** RECORDS FOR THE EXERCISE follows **
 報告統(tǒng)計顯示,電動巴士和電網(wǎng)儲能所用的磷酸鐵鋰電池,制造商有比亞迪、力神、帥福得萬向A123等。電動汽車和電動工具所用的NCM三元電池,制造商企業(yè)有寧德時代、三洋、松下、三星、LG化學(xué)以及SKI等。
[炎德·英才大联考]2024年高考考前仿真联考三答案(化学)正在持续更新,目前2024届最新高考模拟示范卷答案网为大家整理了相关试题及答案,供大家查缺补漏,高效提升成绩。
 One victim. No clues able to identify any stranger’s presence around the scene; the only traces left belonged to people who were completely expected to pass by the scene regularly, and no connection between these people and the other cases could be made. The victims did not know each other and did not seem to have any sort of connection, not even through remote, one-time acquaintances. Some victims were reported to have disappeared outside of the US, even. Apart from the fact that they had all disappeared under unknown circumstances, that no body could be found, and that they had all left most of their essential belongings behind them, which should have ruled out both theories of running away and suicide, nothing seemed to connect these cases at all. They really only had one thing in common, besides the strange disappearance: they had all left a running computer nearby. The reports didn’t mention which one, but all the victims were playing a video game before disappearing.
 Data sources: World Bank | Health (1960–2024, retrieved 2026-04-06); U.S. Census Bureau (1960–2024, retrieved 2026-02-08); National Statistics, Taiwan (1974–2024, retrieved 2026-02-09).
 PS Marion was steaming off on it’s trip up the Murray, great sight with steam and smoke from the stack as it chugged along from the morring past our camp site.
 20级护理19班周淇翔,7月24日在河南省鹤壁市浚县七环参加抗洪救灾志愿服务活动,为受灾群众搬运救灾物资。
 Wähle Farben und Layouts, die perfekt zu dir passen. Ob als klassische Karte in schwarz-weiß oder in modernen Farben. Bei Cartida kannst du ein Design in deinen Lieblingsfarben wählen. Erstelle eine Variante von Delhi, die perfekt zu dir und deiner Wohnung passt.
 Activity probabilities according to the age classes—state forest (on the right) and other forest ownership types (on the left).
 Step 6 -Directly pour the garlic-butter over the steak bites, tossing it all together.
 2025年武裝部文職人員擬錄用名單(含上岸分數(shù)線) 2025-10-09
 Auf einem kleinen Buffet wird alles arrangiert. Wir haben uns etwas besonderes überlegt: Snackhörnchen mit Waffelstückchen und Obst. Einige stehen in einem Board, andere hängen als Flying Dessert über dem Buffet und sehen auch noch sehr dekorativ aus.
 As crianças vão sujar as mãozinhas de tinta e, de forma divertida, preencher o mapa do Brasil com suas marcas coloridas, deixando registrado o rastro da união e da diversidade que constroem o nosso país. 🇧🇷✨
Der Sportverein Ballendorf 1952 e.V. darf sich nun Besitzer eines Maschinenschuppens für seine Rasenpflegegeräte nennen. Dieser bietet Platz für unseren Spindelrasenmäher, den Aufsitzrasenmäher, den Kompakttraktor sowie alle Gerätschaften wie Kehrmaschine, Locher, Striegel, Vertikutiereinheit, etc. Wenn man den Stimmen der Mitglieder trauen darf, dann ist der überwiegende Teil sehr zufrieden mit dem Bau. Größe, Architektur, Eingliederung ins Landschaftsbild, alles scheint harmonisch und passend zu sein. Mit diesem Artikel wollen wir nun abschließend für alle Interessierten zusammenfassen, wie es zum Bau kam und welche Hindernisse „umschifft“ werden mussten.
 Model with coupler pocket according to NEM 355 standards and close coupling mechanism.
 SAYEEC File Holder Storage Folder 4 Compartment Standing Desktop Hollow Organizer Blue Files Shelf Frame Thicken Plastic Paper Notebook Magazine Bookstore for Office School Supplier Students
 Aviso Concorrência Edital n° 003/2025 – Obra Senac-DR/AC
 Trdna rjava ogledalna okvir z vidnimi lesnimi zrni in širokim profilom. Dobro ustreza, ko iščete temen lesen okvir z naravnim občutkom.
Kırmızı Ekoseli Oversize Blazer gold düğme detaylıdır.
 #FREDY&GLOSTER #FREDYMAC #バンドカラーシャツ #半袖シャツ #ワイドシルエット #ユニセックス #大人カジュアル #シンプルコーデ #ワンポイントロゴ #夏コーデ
** End of RECORDS FOR THE EXERCISE **
▸ **ASSIGNMENT**
In the listing above, show every line with the word "from".

▸ **ANSWER TO THE EXERCISE**
 One victim. No clues able to identify any stranger’s presence around the scene; the only traces left belonged to people who were completely expected to pass by the scene regularly, and no connection between these people and the other cases could be made. The victims did not know each other and did not seem to have any sort of connection, not even through remote, one-time acquaintances. Some victims were reported to have disappeared outside of the US, even. Apart from the fact that they had all disappeared under unknown circumstances, that no body could be found, and that they had all left most of their essential belongings behind them, which should have ruled out both theories of running away and suicide, nothing seemed to connect these cases at all. They really only had one thing in common, besides the strange disappearance: they had all left a running computer nearby. The reports didn’t mention which one, but all the victims were playing a video game before disappearing.
 PS Marion was steaming off on it’s trip up the Murray, great sight with steam and smoke from the stack as it chugged along from the morring past our camp site.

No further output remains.